(Data extract begins)

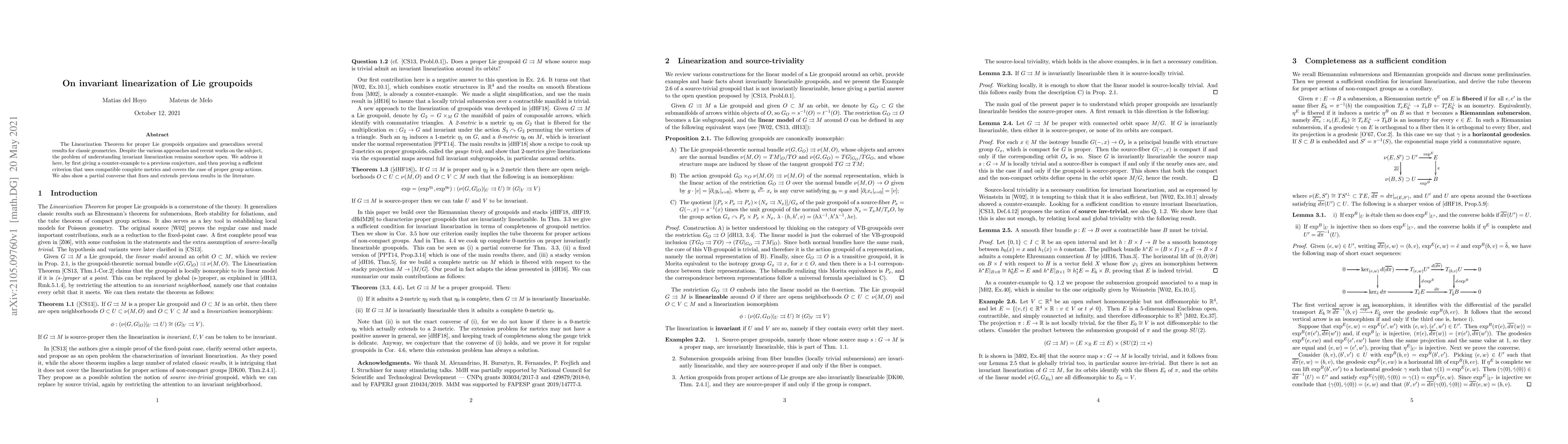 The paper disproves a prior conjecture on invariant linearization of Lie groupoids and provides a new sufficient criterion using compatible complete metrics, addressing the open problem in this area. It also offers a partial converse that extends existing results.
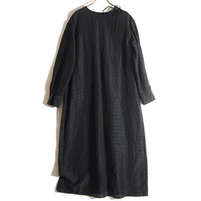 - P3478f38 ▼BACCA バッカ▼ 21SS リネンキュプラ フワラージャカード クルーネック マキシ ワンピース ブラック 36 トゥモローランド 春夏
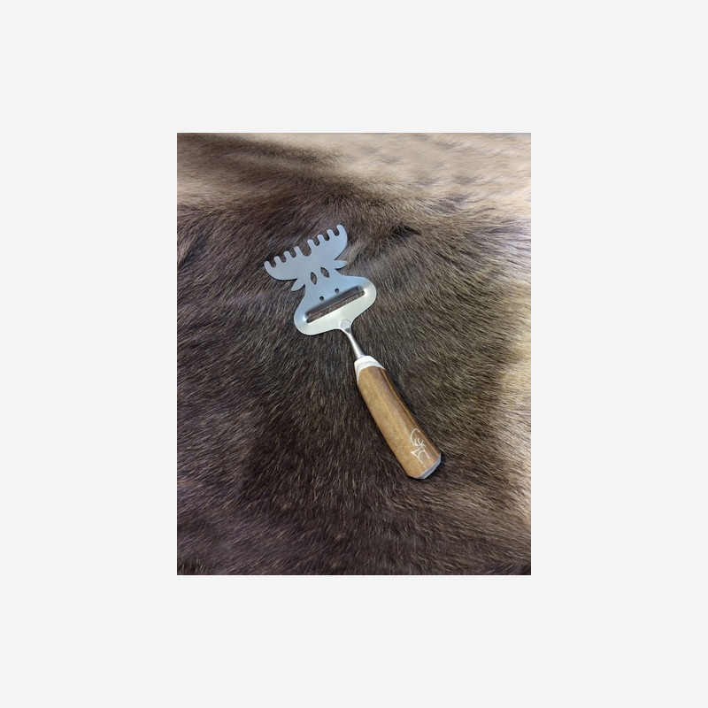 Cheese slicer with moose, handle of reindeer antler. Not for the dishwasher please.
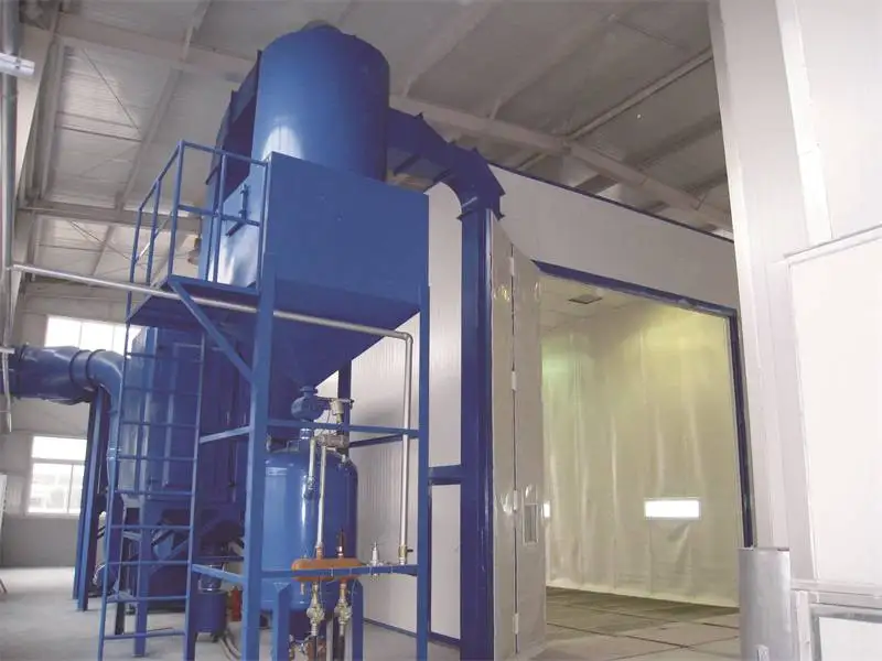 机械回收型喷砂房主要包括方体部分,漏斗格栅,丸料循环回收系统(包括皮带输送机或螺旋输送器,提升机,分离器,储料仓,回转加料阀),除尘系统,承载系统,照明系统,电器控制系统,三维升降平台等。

(Data extract ends)

Aim of the task: Reproduce word for word the lines from the one containing "Cheese slicer with" through the end of the data, both ends kept. Drop the pictures.

Output below:
 Cheese slicer with moose, handle of reindeer antler. Not for the dishwasher please.
 机械回收型喷砂房主要包括方体部分,漏斗格栅,丸料循环回收系统(包括皮带输送机或螺旋输送器,提升机,分离器,储料仓,回转加料阀),除尘系统,承载系统,照明系统,电器控制系统,三维升降平台等。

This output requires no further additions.